# Double exposure?



## kajiki (Nov 26, 2010)

I've a portrait set to shoot next week, going to do it on an RB with some kind of b/w film, be either lit with flash or maybe available light on 1600.....that's not the point......when I make the prints, I need a small piece of text, printed onto the same sheet as the actual photo. Portraits will be shot with a black background

What I thought of doing, was shooting on another 6x7 neg, the text printed on a white sheet of paper. After having exposed the main image onto the printing paper, take the portrait neg out of the carrier, put the text neg in, and move the easel (if necessary - could just shoot the portraits with a bit of space over the head to allow for the text), then re-expose the paper with the text neg in place. 

Do you reckon this would work, or is there another solution?


----------



## white (Nov 26, 2010)

Could work, but you would obviously have to mask the areas of paper you don't want to expose, and by exposing the same paper twice you may run into issues making the two pieces fit together seamlessly. Just imagining it makes me want to rip my hair out.

Maybe I am not picturing this correctly, but if the portrait bg is black, and the text is presumably black, then ... ?

Is it worth the trouble when you could just write on the print and get basically the same effect?


----------



## FilmDood (Dec 3, 2010)

Just pretend the area above the portrait's head is an area you need to burn in, and that the text was originally on the portrait film, but it's not showing up! Quite a dilemma, eh?

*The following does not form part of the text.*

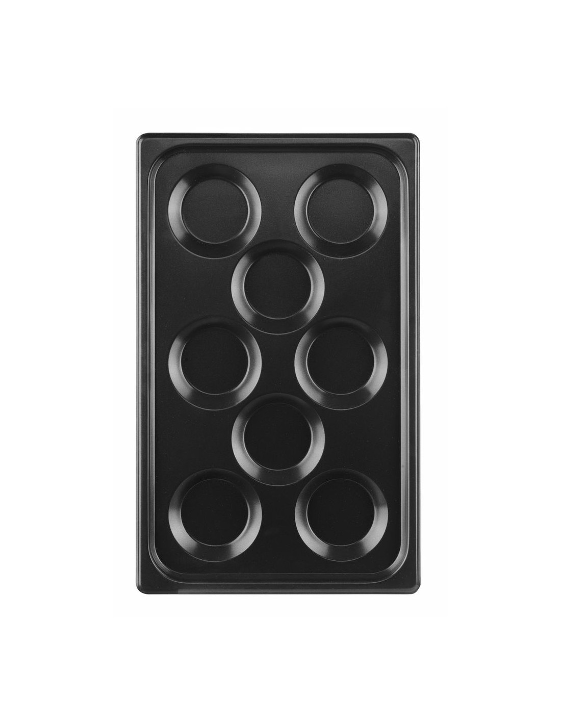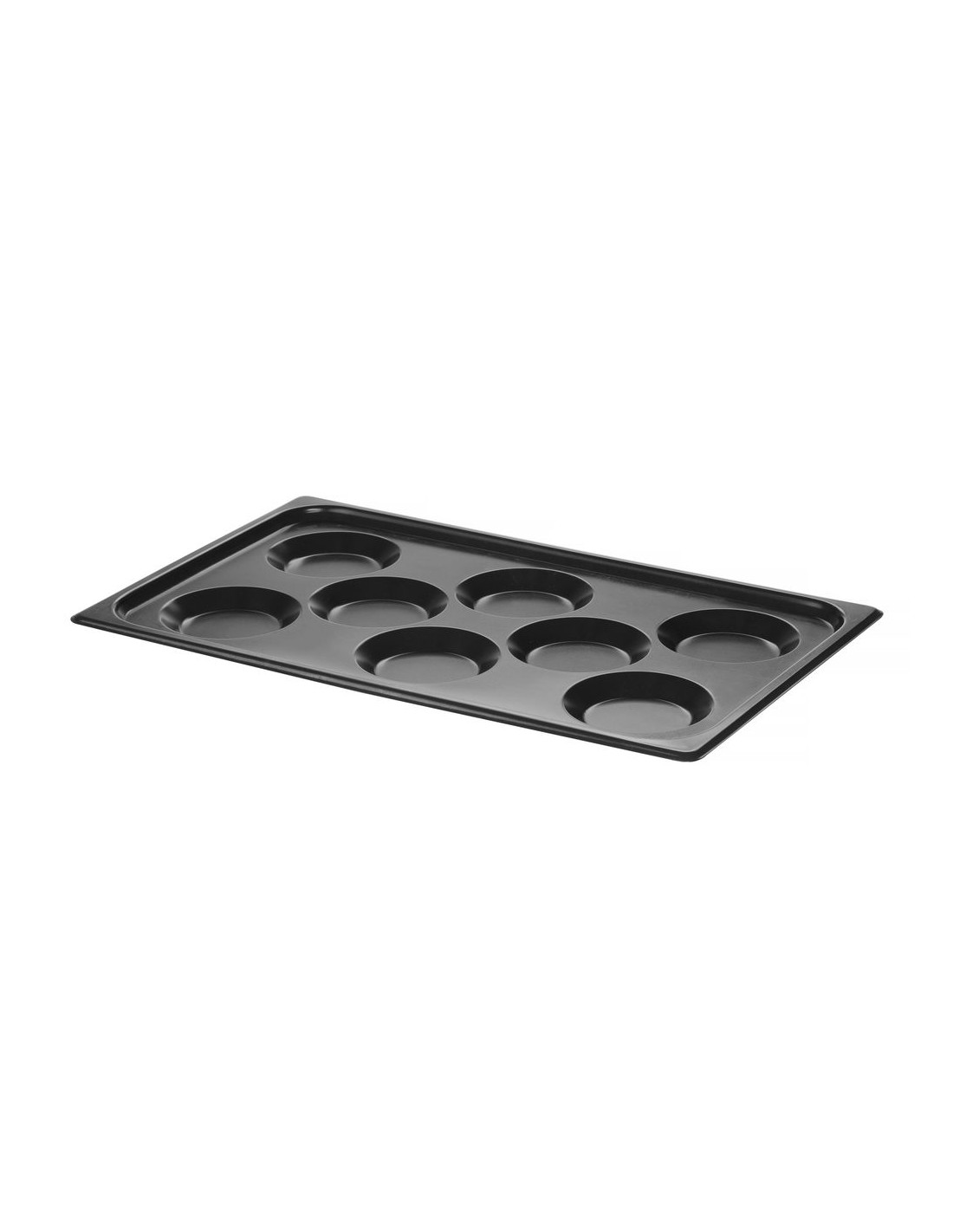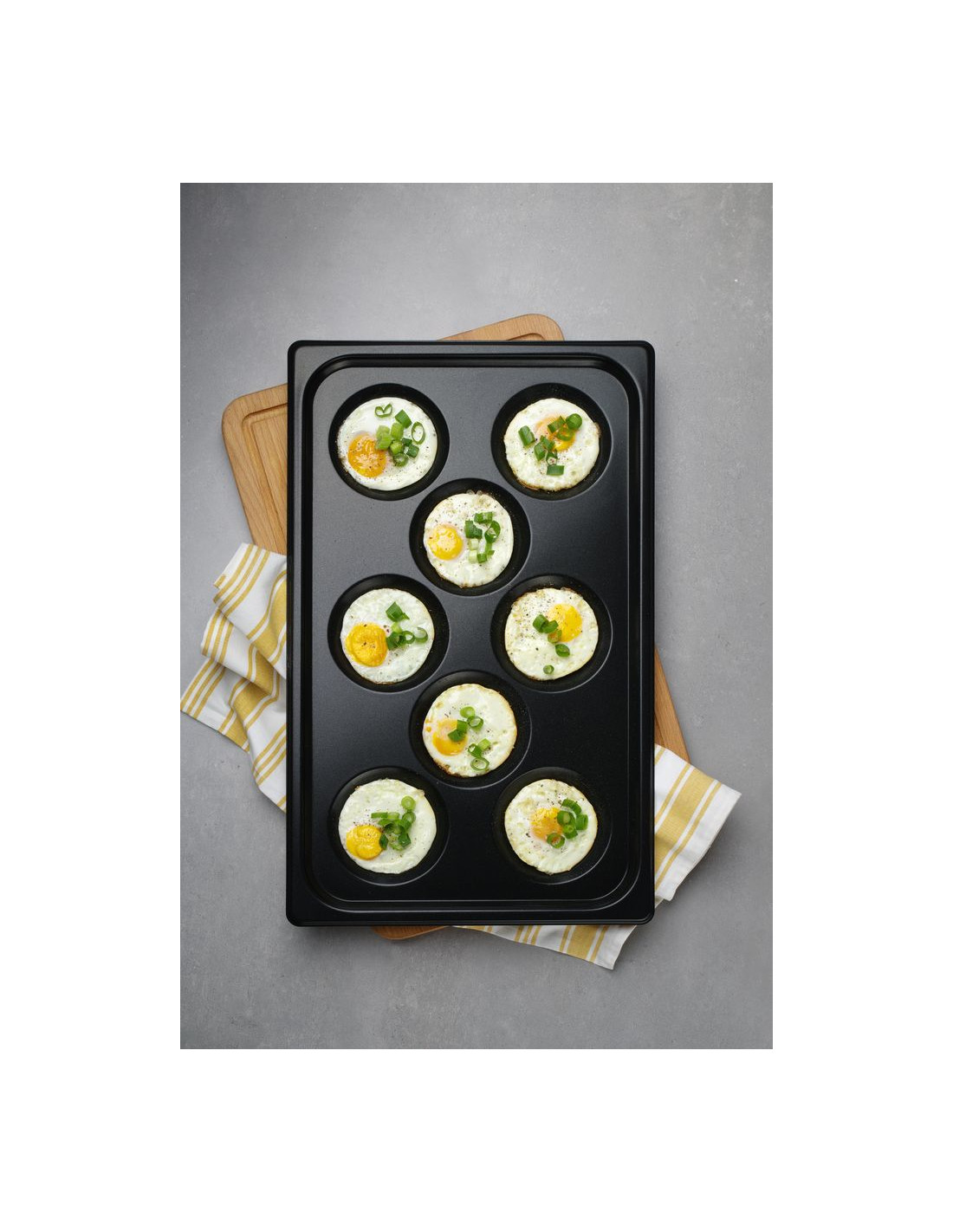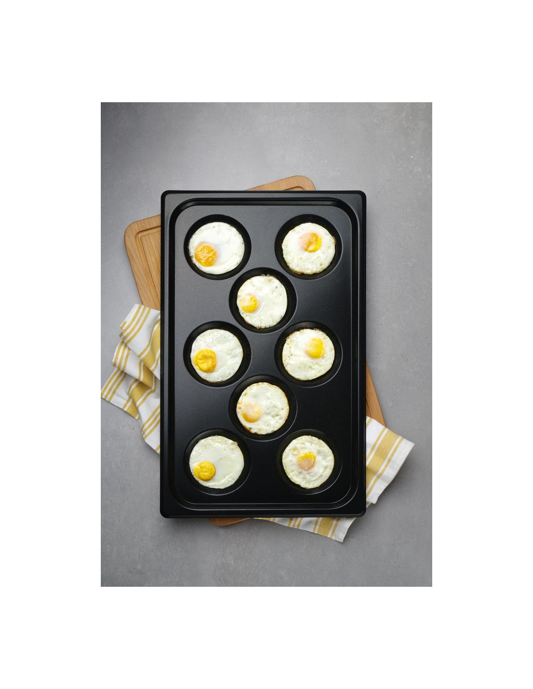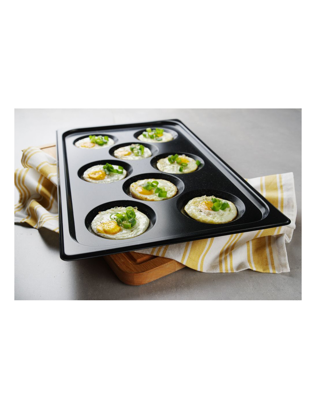 Tillverkad av rostfritt stål. Yta med non-stick PTFE-beläggning. Storlek: GN 1/1. Temperaturbeständighet: upp till 260 °C. 8 formar perfekta för stekta ägg, pannkakor, omeletter. Formarna mäter 11 cm upptill, 8 cm nedtill och är 2 cm djupa. Ej diskmaskinssäker.

Just get a piece of cardboard, *good gosh, I hope I don't have to tell you to make a test strip, even for your text film alone, so you have the right time* set your timer for your text time *this is _after_ you exposed the portrait print* and VERY quickly move the cardboard around the area you DON'T want more light exposed to in a circular motion, letting light splash in on the portrait areas for barely fractions of a second. Doing this will help keep a seamless effect, and let your text bleed in nicely on top of the portraits. n_n

HOWEVER, make sure that your text is in the EXACT same position as the area above the portraits head to make sure your image is 100% flow-able. Do NOT move your camera, don't shift the lighting *presuming you're inside*, etc. etc. Keep it exactly the same and then place your text.


----------



## christopher walrath (Dec 7, 2010)

Or, quick print the portraits (don't have to be perfect, just need for spacing) and have some transparencies printed with the text  you want in the proper position in black ink to give you the dodged in text.  Just lay the transparency onto the paper when you make your prints.


----------



## aprillove20 (Dec 19, 2010)

I agree that let your text bleed in nicely on top of the portraits.


----------